It would be a mistake indeed to regard GRUPPO SPORTIVO's 1977 debut as a mere aural equivalent to television's HAPPY DAYS. Where HAPPY DAYS is retro-saccharine for the masses, 10 Mistakes is retro-kitsch for the intellectual elite. Where HAPPY DAYS expresses genuine nostalgia for a bygone era, 10 Mistakes embraces more the absurdity of the era than the era
itself. Where HAPPY DAYS is Norman Rockwell, 10 Mistakes is Roy Lichtenstein. A main reason for this seeming aloofness is geographical. GRUPPO SPORTIVO are Dutch, having experienced the glory days of post-war American pop culture not first hand, but filtered through TV shows and films as cheesy and overbearing as Peter Calicher's pervasive "96 Tears"-inflected farfisa.

Yet what GRUPPO lack in true feelings of nostalgia they more than compensate for in wit, musicianship, and their uncanny ability to satirize without the slightest trace of condescension. Indeed, frontman Hans Vandenburg (aka "Vandefruits") unashamedly cops familiar lyrical and musical motifs from pop's past, weaving them so overtly, yet so deftly into his B-movie love affairs, spy thrillers, and sci-fi tales, that only the stodgiest and most litigious listener would think to cry "Plagiarism!" instead of reveling in his obvious love for the genre.

The album opens with the maddeningly catchy "Beep Beep Love," one of only two GRUPPO tracks to garner any US airplay, in which ROGER CORMAN and TOM PETTY vie for most-favored-influence status as Vandenburg relates his tale of cartoon space-love.

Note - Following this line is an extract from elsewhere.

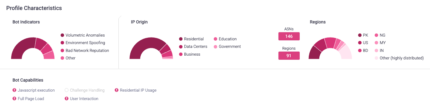 It also shows how many autonomous system numbers (ASNs) and regions the bots came from. Higher numbers typically indicate that the bots that made the requests are more sophisticated and trying to act more like humans. However, this doesn’t necessarily mean Profiles with low numbers aren’t sophisticated. For example, bots that use residential IPs, or Residential IP Usage, tend to be more sophisticated. In that case, you’d also expect that the number of regions is low, because that type of traffic typically is concentrated from the U.S.

Side One continues with "Superman," a six-minute, four-color comic book love triangle complete with romance, deceit, intrigue, murder, jail time, and the keyboard riff from DEL SHANNON's "Runaway." Elsewhere, we find the rinky-dink "Girls Never Know," ("Girls never know/What they want to be/That's why they start a family") "I Shot My Manager," a parody of the music business set to BOB MARLEY, and "Mission A Paris," a dime-store spy novel of stolen NATO plans and secret rendezvouses at the Eiffel Tower.
Throughout, the vocal talents of "The Grupettes," Meike Touw and Josee Van Iersel provide an ABBA-like sheen to this joyous noise, perhaps most effectively realized in "Dreamin'", a moody sex fantasy piece in which the ABBA resemblance is uncanny: "I know a place to do it, baby/Let's jump into your car/It's the cheapest motel, baby/Step on the gas it's not that far".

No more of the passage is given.